> **Instructions to follow**:
Among the lines below, output only those between the line holding "灾民在土耳其南部卡赫拉曼马拉什市一处地震废墟前相互安慰。(图片来源:新华社)" and the line holding "한편, 티사이언티픽은 장", inclusive, exactly as written and with no pictures.

> **Collected data entries**:
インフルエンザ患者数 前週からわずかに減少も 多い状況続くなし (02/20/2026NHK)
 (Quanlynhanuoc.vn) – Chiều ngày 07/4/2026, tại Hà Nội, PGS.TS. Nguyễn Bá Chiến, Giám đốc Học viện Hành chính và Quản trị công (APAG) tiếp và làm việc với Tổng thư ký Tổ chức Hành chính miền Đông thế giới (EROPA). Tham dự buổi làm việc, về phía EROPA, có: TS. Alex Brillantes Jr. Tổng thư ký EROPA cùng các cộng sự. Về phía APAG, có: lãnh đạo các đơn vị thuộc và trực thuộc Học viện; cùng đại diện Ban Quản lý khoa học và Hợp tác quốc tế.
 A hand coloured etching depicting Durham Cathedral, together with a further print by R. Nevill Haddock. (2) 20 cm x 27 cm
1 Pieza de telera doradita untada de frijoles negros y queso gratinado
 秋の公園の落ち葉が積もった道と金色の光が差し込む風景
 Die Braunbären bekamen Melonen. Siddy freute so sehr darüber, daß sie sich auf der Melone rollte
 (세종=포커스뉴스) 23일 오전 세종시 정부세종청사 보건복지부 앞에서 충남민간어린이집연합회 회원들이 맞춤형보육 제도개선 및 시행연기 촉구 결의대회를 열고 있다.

...

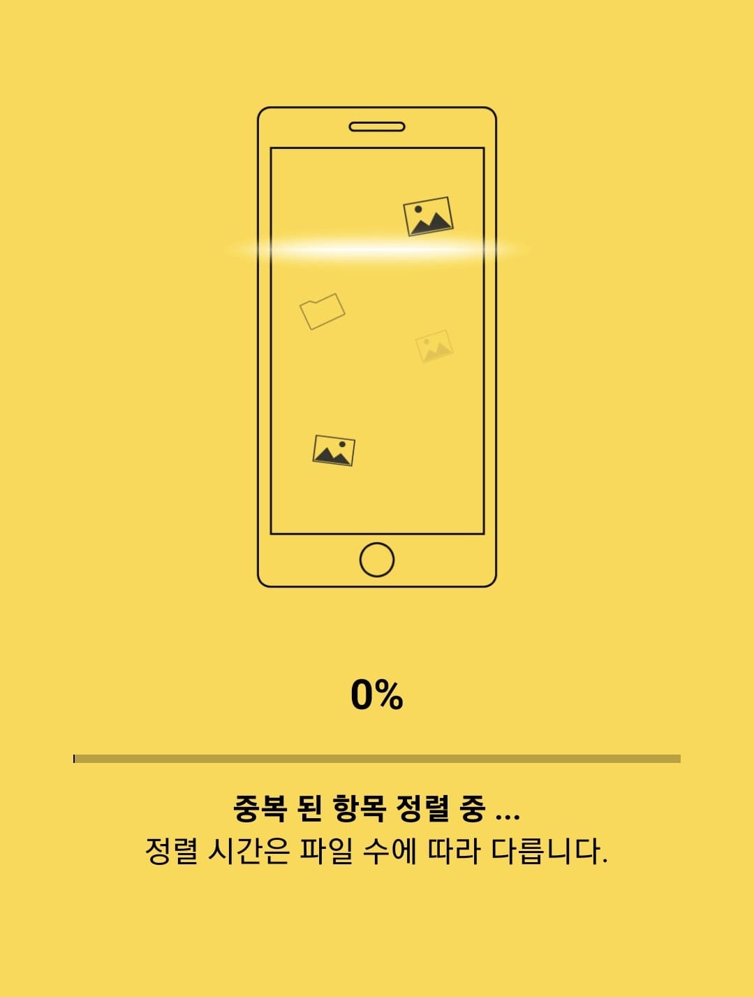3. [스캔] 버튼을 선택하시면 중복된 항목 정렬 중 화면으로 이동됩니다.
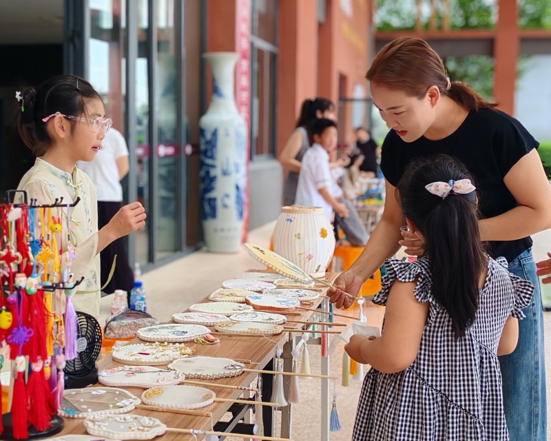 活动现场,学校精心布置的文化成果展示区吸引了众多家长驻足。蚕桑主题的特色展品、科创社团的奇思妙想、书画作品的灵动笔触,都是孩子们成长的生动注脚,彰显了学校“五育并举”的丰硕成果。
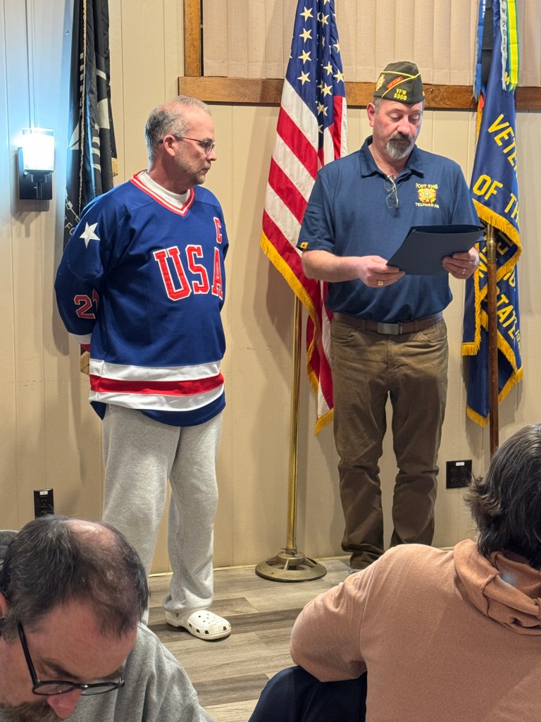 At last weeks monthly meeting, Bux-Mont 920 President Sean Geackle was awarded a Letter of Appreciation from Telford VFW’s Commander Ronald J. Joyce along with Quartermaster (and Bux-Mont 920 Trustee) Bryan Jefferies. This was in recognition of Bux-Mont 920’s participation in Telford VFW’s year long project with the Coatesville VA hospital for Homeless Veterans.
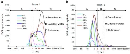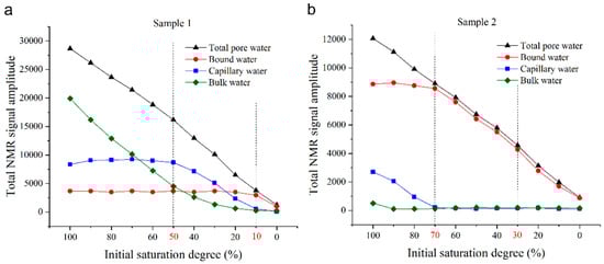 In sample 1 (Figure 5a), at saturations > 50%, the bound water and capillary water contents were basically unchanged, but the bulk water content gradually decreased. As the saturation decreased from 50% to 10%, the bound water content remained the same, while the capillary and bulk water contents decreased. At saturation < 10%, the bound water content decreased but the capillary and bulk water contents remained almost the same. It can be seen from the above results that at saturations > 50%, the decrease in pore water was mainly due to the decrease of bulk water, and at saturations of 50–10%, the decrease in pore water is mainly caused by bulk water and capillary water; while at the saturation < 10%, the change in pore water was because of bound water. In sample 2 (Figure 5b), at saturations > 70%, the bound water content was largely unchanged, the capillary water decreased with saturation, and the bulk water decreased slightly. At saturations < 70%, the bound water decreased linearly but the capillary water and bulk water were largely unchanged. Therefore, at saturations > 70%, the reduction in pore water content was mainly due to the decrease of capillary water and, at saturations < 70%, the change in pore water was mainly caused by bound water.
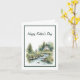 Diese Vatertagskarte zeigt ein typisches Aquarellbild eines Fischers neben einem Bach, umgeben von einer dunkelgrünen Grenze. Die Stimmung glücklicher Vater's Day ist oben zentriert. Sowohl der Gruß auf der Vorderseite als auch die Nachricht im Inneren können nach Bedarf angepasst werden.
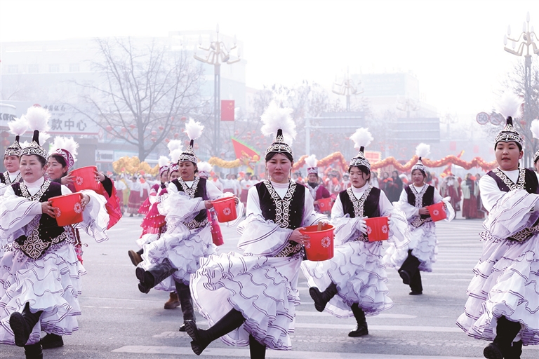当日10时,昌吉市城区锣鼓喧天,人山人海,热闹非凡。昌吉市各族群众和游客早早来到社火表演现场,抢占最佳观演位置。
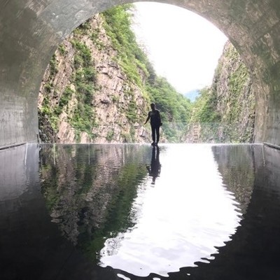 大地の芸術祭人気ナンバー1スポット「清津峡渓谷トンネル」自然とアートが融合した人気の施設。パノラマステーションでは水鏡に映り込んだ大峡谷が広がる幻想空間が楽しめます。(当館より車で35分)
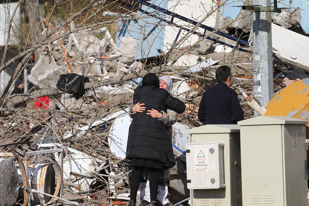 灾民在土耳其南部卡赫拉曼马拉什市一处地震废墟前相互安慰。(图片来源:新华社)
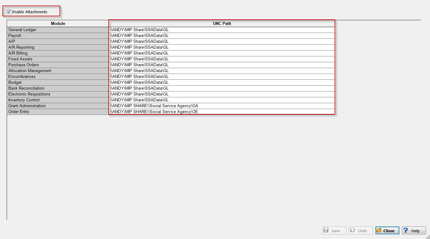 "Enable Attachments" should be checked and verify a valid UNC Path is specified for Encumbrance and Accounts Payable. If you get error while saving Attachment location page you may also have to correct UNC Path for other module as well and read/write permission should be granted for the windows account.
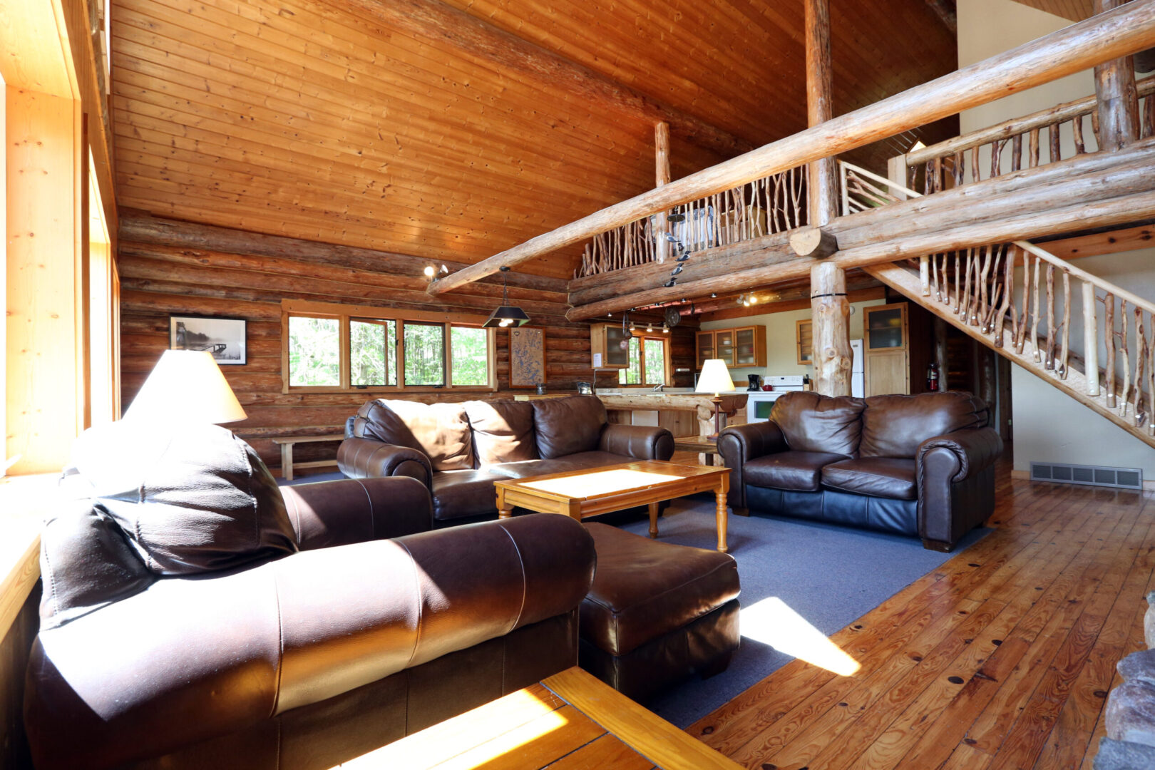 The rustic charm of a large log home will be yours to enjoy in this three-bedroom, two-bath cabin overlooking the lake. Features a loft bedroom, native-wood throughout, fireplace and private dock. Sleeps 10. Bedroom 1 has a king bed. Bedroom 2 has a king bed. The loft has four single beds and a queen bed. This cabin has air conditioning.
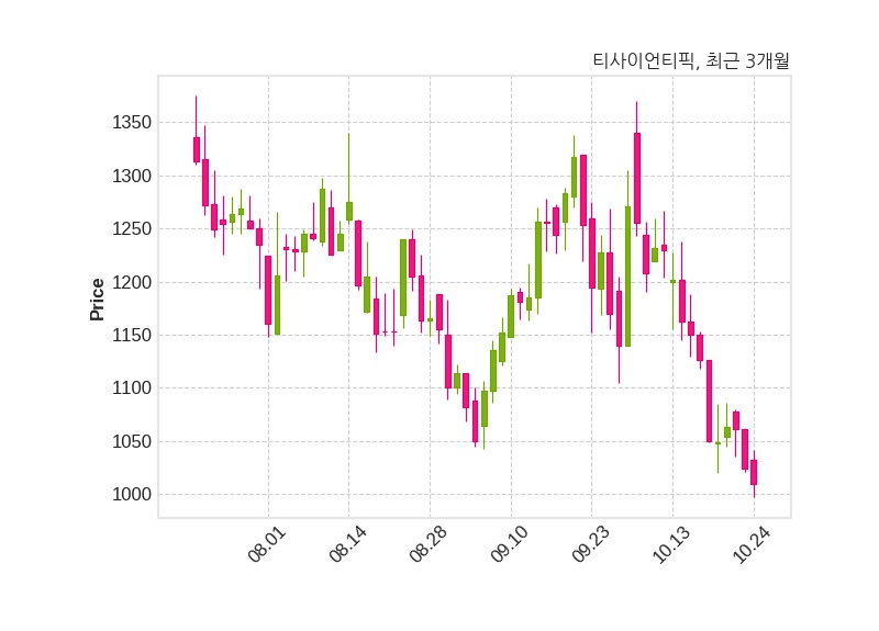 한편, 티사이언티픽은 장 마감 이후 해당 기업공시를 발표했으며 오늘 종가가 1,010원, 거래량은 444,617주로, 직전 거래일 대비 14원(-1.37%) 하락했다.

> **Exercise solution**:
 灾民在土耳其南部卡赫拉曼马拉什市一处地震废墟前相互安慰。(图片来源:新华社)
 "Enable Attachments" should be checked and verify a valid UNC Path is specified for Encumbrance and Accounts Payable. If you get error while saving Attachment location page you may also have to correct UNC Path for other module as well and read/write permission should be granted for the windows account.
 The rustic charm of a large log home will be yours to enjoy in this three-bedroom, two-bath cabin overlooking the lake. Features a loft bedroom, native-wood throughout, fireplace and private dock. Sleeps 10. Bedroom 1 has a king bed. Bedroom 2 has a king bed. The loft has four single beds and a queen bed. This cabin has air conditioning.
 한편, 티사이언티픽은 장 마감 이후 해당 기업공시를 발표했으며 오늘 종가가 1,010원, 거래량은 444,617주로, 직전 거래일 대비 14원(-1.37%) 하락했다.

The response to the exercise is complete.